● WHAT THE TASK REQUIRES
Each entry should be quoted word for word, including every mark of punctuation.

:::::

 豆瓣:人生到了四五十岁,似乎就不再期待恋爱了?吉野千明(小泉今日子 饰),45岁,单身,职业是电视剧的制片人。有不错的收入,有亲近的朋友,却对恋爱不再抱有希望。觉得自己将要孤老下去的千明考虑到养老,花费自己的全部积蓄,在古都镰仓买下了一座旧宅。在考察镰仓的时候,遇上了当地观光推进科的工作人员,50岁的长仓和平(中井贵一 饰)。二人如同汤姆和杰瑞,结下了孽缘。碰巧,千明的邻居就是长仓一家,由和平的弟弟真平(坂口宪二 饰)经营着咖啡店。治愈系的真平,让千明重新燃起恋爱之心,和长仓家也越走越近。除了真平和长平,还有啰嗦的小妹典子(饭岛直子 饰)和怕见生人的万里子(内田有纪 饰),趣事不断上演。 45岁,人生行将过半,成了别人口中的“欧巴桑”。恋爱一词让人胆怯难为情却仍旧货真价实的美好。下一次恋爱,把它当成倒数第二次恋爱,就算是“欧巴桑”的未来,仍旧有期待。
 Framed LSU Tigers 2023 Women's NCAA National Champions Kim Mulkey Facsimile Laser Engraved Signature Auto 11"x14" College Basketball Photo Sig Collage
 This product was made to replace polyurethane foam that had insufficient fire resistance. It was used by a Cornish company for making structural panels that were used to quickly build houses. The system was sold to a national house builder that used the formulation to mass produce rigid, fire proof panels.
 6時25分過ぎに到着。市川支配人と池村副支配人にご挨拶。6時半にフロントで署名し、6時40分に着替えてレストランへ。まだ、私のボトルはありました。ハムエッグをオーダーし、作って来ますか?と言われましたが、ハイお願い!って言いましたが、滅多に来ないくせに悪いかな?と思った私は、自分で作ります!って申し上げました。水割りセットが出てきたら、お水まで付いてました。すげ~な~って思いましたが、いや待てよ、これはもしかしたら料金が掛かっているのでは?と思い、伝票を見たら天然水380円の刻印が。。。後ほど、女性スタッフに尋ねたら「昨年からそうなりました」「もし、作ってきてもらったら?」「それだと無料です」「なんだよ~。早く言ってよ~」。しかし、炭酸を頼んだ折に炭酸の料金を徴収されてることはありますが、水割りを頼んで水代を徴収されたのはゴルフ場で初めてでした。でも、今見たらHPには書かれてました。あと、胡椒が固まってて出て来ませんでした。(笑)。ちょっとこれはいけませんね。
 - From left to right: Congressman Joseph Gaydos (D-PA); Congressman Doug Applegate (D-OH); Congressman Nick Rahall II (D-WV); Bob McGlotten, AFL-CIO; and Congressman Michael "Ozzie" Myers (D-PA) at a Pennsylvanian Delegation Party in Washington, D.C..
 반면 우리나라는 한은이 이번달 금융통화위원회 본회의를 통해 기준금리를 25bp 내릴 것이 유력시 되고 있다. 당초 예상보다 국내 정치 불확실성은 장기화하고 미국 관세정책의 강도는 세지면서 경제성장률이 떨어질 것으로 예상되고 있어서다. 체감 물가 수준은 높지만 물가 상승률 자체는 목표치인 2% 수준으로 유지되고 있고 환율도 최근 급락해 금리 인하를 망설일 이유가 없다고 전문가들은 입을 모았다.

:::::

● REPLY
 豆瓣:人生到了四五十岁,似乎就不再期待恋爱了?吉野千明(小泉今日子 饰),45岁,单身,职业是电视剧的制片人。有不错的收入,有亲近的朋友,却对恋爱不再抱有希望。觉得自己将要孤老下去的千明考虑到养老,花费自己的全部积蓄,在古都镰仓买下了一座旧宅。在考察镰仓的时候,遇上了当地观光推进科的工作人员,50岁的长仓和平(中井贵一 饰)。二人如同汤姆和杰瑞,结下了孽缘。碰巧,千明的邻居就是长仓一家,由和平的弟弟真平(坂口宪二 饰)经营着咖啡店。治愈系的真平,让千明重新燃起恋爱之心,和长仓家也越走越近。除了真平和长平,还有啰嗦的小妹典子(饭岛直子 饰)和怕见生人的万里子(内田有纪 饰),趣事不断上演。 45岁,人生行将过半,成了别人口中的“欧巴桑”。恋爱一词让人胆怯难为情却仍旧货真价实的美好。下一次恋爱,把它当成倒数第二次恋爱,就算是“欧巴桑”的未来,仍旧有期待。
 Framed LSU Tigers 2023 Women's NCAA National Champions Kim Mulkey Facsimile Laser Engraved Signature Auto 11"x14" College Basketball Photo Sig Collage
 This product was made to replace polyurethane foam that had insufficient fire resistance. It was used by a Cornish company for making structural panels that were used to quickly build houses. The system was sold to a national house builder that used the formulation to mass produce rigid, fire proof panels.
 6時25分過ぎに到着。市川支配人と池村副支配人にご挨拶。6時半にフロントで署名し、6時40分に着替えてレストランへ。まだ、私のボトルはありました。ハムエッグをオーダーし、作って来ますか?と言われましたが、ハイお願い!って言いましたが、滅多に来ないくせに悪いかな?と思った私は、自分で作ります!って申し上げました。水割りセットが出てきたら、お水まで付いてました。すげ~な~って思いましたが、いや待てよ、これはもしかしたら料金が掛かっているのでは?と思い、伝票を見たら天然水380円の刻印が。。。後ほど、女性スタッフに尋ねたら「昨年からそうなりました」「もし、作ってきてもらったら?」「それだと無料です」「なんだよ~。早く言ってよ~」。しかし、炭酸を頼んだ折に炭酸の料金を徴収されてることはありますが、水割りを頼んで水代を徴収されたのはゴルフ場で初めてでした。でも、今見たらHPには書かれてました。あと、胡椒が固まってて出て来ませんでした。(笑)。ちょっとこれはいけませんね。
 - From left to right: Congressman Joseph Gaydos (D-PA); Congressman Doug Applegate (D-OH); Congressman Nick Rahall II (D-WV); Bob McGlotten, AFL-CIO; and Congressman Michael "Ozzie" Myers (D-PA) at a Pennsylvanian Delegation Party in Washington, D.C..
 반면 우리나라는 한은이 이번달 금융통화위원회 본회의를 통해 기준금리를 25bp 내릴 것이 유력시 되고 있다. 당초 예상보다 국내 정치 불확실성은 장기화하고 미국 관세정책의 강도는 세지면서 경제성장률이 떨어질 것으로 예상되고 있어서다. 체감 물가 수준은 높지만 물가 상승률 자체는 목표치인 2% 수준으로 유지되고 있고 환율도 최근 급락해 금리 인하를 망설일 이유가 없다고 전문가들은 입을 모았다.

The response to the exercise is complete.